Help Save a Life: Suicide Prevention

Suicide is the most common mental health emergency and a leading cause of death around the world.

According to the CDC, nearly 46,000 lives were lost to suicide in the U.S. in 2020, the equivalent of a large passenger jet falling out of the sky every day for a year. What’s more, there were an estimated 25 attempts for every completed suicide – 1.4 million total. It is the 12th leading cause of death in the country and the 2nd leading cause of death for people ages 10-34. 

And yet suicide is preventable – if the person receives timely support and mental healthcare. Often, family and friends miss the warning signs of suicide or don’t know what to do. Truly, we all have a role to play in learning about suicide prevention. Effective prevention starts with you.

Why do people take their own lives?

Through research, we’ve learned there is no single cause for suicide, and anyone can be at risk. Suicide most often occurs because life stressors, health issues, and social isolation overwhelm one’s ability to cope, creating experiences of hopelessness and despair. Thomas Joiner is one of the foremost researchers on the topic, and he has developed an “interpersonal” theory of suicide (shown below).

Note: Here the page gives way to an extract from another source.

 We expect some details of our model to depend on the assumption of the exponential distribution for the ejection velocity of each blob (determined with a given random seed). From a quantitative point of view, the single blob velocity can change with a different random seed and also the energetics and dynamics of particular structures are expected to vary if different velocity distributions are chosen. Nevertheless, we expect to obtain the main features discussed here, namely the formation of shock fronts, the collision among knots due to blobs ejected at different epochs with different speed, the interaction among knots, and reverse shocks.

The first factor in Joiner’s model is called Thwarted Belongingness. Much research shows that social connectedness and a sense of belonging are essential human needs and that if these needs are unmet to a significant degree, suicidal ideation can develop. These thoughts might be expressed in terms of loneliness, or the absence of mutually caring relationships. Someone might say, “I feel disconnected from others,” “I am alone,” or “There’s no one I can turn to.”

The second factor is called Perceived Burdensomeness. Sometimes, when outward forces impose themselves, one might develop a perception that he/she is a burden on others, like family members. The interpersonal theory emphasizes that people who are suicidal think that they are expendable. If you know someone who has expressed a similar thought, you might have wondered, “How they could think that they are a burden?” The answer: It’s based on one’s perception.

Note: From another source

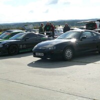 V podstatě přesně s prvním účastníkem zase pršet přestalo, ale vody už bylo na letištních panelech hodně. Takže podmínky byly hodně kruté a za autama byly slušné gejzíry vody. Obzvláště pro majitele semi-slick pneumatik to byla skutečná výzva. Ale trať zase pomalinku osychala a když jsem asi v jednu šel na řadu, tak už byla částečně oschlá, jen na některých místech bylo ještě vlhko. Jezdilo se stylem jedno zajřívací kolo a poté dvě měřená s pevným startem. Spokojený, že trať alespoň trochu oschla, jsem tedy najel do zahřívacího kola a v tom se pustil velmi slušný liják. Stěrače jeli naplno a já si říkal, jak tohle dopadne. Naštěstí pro mě tato přeprška jak byla silná, tak byla krátka. V podstatě už na konci zahřívacího kola jen lehce kapalo. Tak jsem se do toho pustil. Moje největší nevýhoda v této sezóně na okruzích, totiž staré obyčejné silniční pneumatiky, ukázaly se zde být naopak výhodou. Byla zima, takže se nepřehřívaly a navíc prostě měli klasickej silniční vzorek, takže celkem obstojně odvodňovali. Auto bylo výborné. Sice to klouzalo, ale dalo se to celkem v pohodě uřídit. Nikam jsem to neposlal, takže spokojenost. Z časem je to těžké, každý měl dost rozdílné podmínky. Někdo jel skoro na suchu, někdo zase dělal za autem bílou stěnu. Nicméně v rámci podmínek jsem spokojenej. Poté už bylo počasí ve stylu deset minut déšť, deset minut bez deště. Když všichni odjeli své měřené časy, trať se odklidila a pak už se jen blblo do aleluja. Na dráhu najelo krom normálních aut i několik driftovacích speciálů, takže o podívanou nouze nebyla. I přes to nevyzpytatelné počasí se akce povedla, byl zajištěn catering a dobrá nálada byla znát po celém areálu.

Consider that our entire reality is always subjective and that the world we experience is filtered through our perception, which is informed by our experiences and internal narratives. When those who want to help are confronted by our loved one’s expressions of hopelessness, we need to avoid negating the person’s feelings. We need to listen and validate that person’s feelings. People at risk need to be heard, they need to belong and feel connected, and they need to know that what they have to say is not a burden.

The third factor is the Capability for Suicide. Simply put, suicidal desire is not sufficient by itself because killing oneself is not an easy thing to do. Suicidal behavior is frightening and painful, and since humans evolved with a strong fear mechanism towards survival, the capability for suicide often must be developed. This is done through repeated exposure in which the person gains increased tolerance for pain and reduced fear of death. That’s why the number one risk factor of a lethal suicide attempt is a previous suicide attempt. This is also why firearms are a huge risk factor, because they are quick and lethal, and there’s often no time to turn back.

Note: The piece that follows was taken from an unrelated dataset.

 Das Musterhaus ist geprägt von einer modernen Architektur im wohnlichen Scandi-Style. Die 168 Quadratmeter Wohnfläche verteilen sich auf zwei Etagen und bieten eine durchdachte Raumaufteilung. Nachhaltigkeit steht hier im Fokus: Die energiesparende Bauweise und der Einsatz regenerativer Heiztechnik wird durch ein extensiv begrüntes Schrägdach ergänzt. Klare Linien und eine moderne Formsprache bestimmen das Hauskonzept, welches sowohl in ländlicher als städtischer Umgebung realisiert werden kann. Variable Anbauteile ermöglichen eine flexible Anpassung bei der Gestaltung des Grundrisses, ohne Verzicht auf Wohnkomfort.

Suicidal Thinking Patterns

Suicidal thoughts are often ridden with uncertainty. When someone is having suicidal thoughts, they are in a state of ambivalence, and the desire to live or die can fluctuate constantly. Numerous accounts of individuals who survive attempting suicide attest to this. For instance, individuals who survived jumping from the Golden Gate Bridge have reported feeling “instant regret” as soon as they jumped. Ambivalence is present even during an active attempt, so delay and distraction can help get the person out of the tunnel vision that leads to the attempt. Researchers say 10-30 minutes is usually enough to bring the person out of crisis mode.

Warning Signs

With all that said, here are the warning signs to look out for:

  • Talking about wanting to die — even as a joke

  • Looking for a way to kill oneself, such as searching online or obtaining a gun

  • Talking about feeling hopeless or having no reason to live

  • Withdrawal from friends, family, community, and regular activities

  • Increased alcohol and drug use

  • Dramatic mood swings or aggressive/irritable behavior (anger is often a sign of depression)

  • Risky or reckless behavior (such as driving extremely fast)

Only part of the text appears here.